Copy the data that appears below exactly. Drop the pictures.

DATA FOR PROCESSING —
========

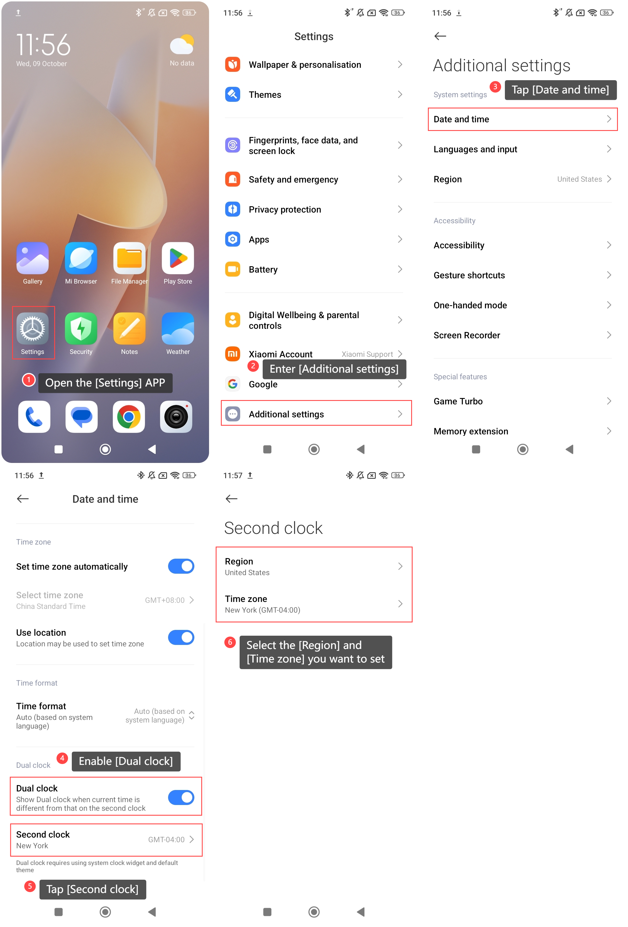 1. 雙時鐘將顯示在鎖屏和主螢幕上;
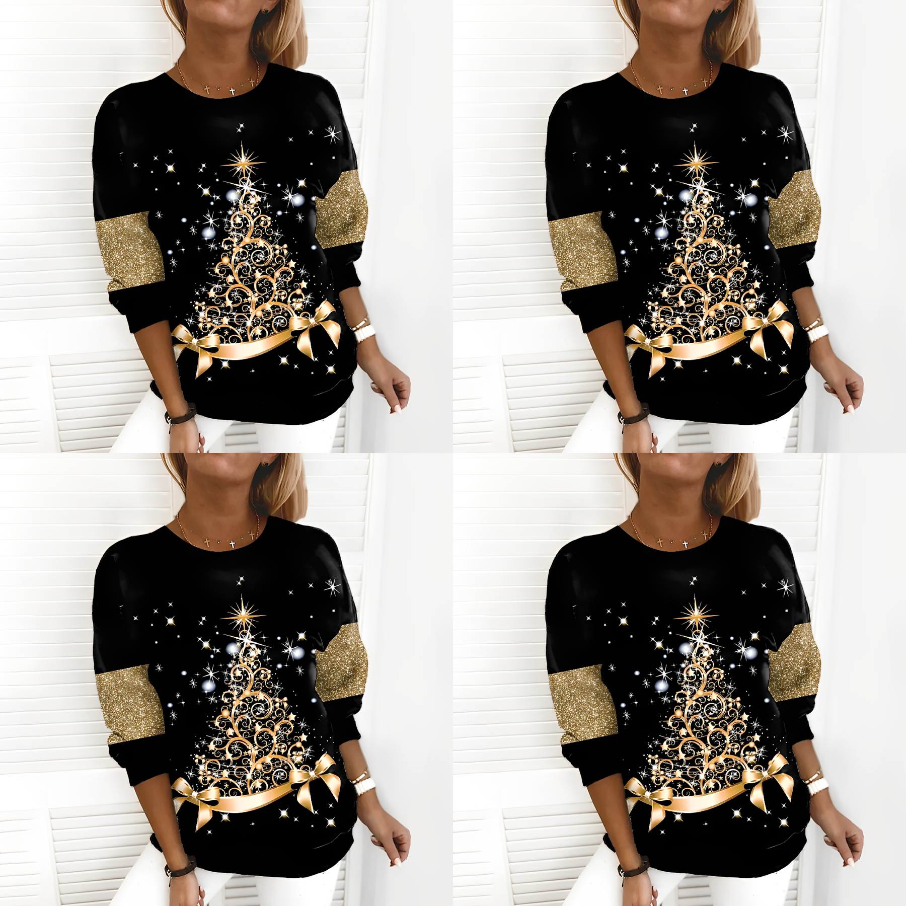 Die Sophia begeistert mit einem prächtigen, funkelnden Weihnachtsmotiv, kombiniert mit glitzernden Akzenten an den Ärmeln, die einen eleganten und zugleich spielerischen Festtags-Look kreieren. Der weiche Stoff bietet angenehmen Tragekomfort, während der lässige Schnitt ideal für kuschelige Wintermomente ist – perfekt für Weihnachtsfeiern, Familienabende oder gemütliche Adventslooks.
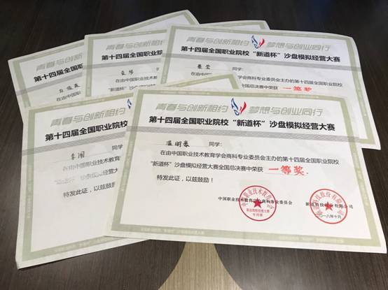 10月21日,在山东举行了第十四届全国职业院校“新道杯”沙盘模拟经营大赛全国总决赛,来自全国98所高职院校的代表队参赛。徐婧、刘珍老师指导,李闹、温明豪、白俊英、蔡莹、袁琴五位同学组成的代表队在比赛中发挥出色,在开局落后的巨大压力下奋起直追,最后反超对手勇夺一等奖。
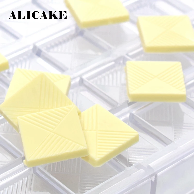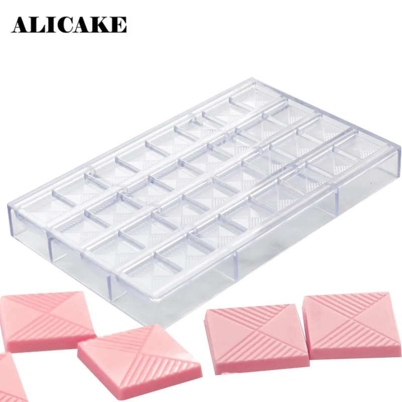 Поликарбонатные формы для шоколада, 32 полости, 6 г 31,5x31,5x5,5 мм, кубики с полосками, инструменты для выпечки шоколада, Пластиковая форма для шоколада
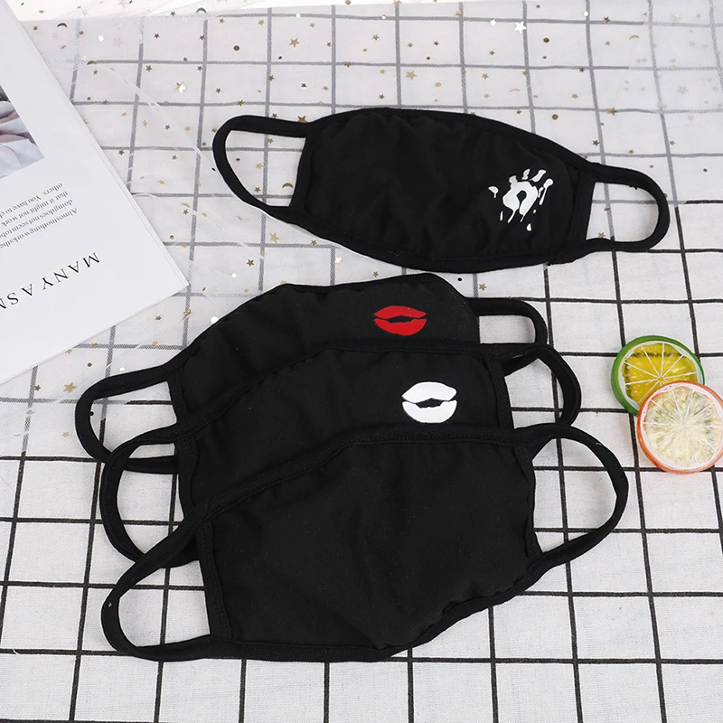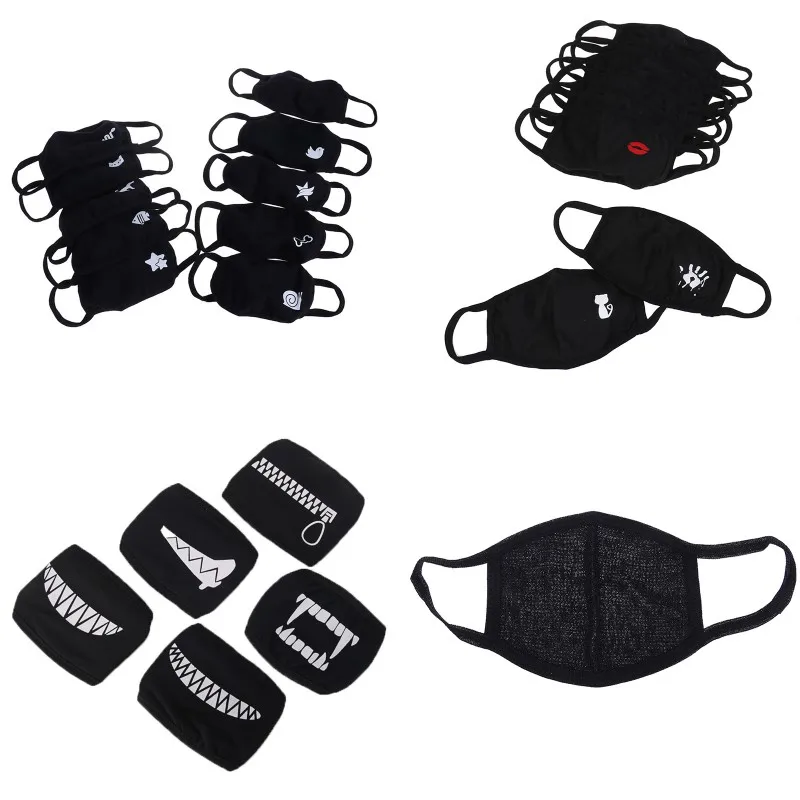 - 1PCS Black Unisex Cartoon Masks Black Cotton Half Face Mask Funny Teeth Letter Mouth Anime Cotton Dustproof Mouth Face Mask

========

ANSWER TO THE EXERCISE —
 1. 雙時鐘將顯示在鎖屏和主螢幕上;
 Die Sophia begeistert mit einem prächtigen, funkelnden Weihnachtsmotiv, kombiniert mit glitzernden Akzenten an den Ärmeln, die einen eleganten und zugleich spielerischen Festtags-Look kreieren. Der weiche Stoff bietet angenehmen Tragekomfort, während der lässige Schnitt ideal für kuschelige Wintermomente ist – perfekt für Weihnachtsfeiern, Familienabende oder gemütliche Adventslooks.
 10月21日,在山东举行了第十四届全国职业院校“新道杯”沙盘模拟经营大赛全国总决赛,来自全国98所高职院校的代表队参赛。徐婧、刘珍老师指导,李闹、温明豪、白俊英、蔡莹、袁琴五位同学组成的代表队在比赛中发挥出色,在开局落后的巨大压力下奋起直追,最后反超对手勇夺一等奖。
 Поликарбонатные формы для шоколада, 32 полости, 6 г 31,5x31,5x5,5 мм, кубики с полосками, инструменты для выпечки шоколада, Пластиковая форма для шоколада
 - 1PCS Black Unisex Cartoon Masks Black Cotton Half Face Mask Funny Teeth Letter Mouth Anime Cotton Dustproof Mouth Face Mask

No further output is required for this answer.